Often I find I pull when I’m avoiding something I need to do. So sometimes taking out a pen and paper and making a to do list can be helpful. So having a pen and paper in my room has been good.

Also, having someone to talk to about when you feel defeated- someone who can lift you up- would be wonderful- if you’re lucky enough to have someone in your life who can be there for you, open up to them!

And if you’d like to be trich buddies of sorts, feel free to email me! Panfloot@gmail.com. I don’t know anyone with trich, so have been going through this alone all these years.
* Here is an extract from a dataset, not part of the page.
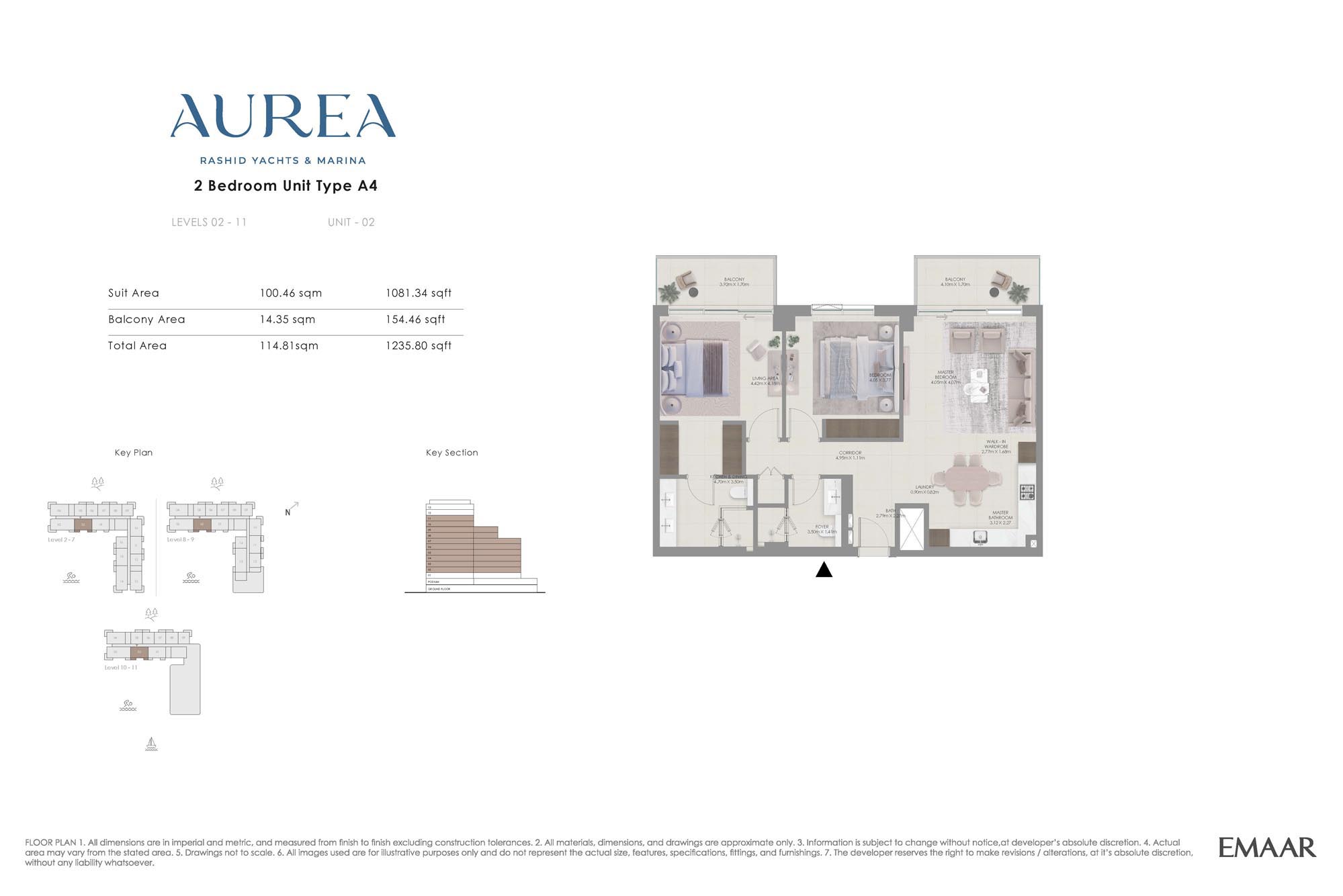 Emaar Aurea Residences is a mid-rise architecture designed with the refined elegance of a vibrant marina, offering stylish floor plans in 1, 2, & 3-bedroom apartments. Made with simplicity, each unit of this complex has been planned with open, aesthetic, and spacious spaces. The neutral theme with large windows and balconies in the living and bedrooms creates spaces to rejoice with families or relax in the tranquil, bright ambience. Here, spaces are made to calm, upscale the daily routine, and inspire, where residents will have a connection between living spaces and the sweeping views of the marina. The bespoke finishes, quality detail, and premium materials exude sophistication and warm & soothing setting.

Good luck and lots of love
Trichster
July 04, 2019
Hello. I know the feeling of "I can't stop." We really can though, and we need to believe we can, and reprogram our thoughts. A lot of good suggestions were given by Panfloot. I just joined trichstop and am paying money I can't really afford to have a therapist go through an 8 weeks program with me. But then again I can not afford to keep going the way I have been, destroying my self esteem and looks, having to wear a wig. I had a huge all night pulling spree recently and got no sleep. It spurred me to pay money at trichstop for a program. At first I thought all the things I am reading I already knew from my research. But I hope to learn more about myself and my feelings and how to deal with them differently, and how to break this awful addiction of pulling. I just started the program on July 1st and many times was about to pull but stopped, remembering my program and that I want to quit pulling. It is such an ingrained habit. I have only pulled out 1 hair once, and another time 2 hairs, then stopped right away. I was disappointed but did not beat myself up over it. Certainly am doing much better than before. Not saying you need to spend money. Coming to this forum for help and support and learning ways to cope better so you are not resorting to pulling could lead you to being pull free.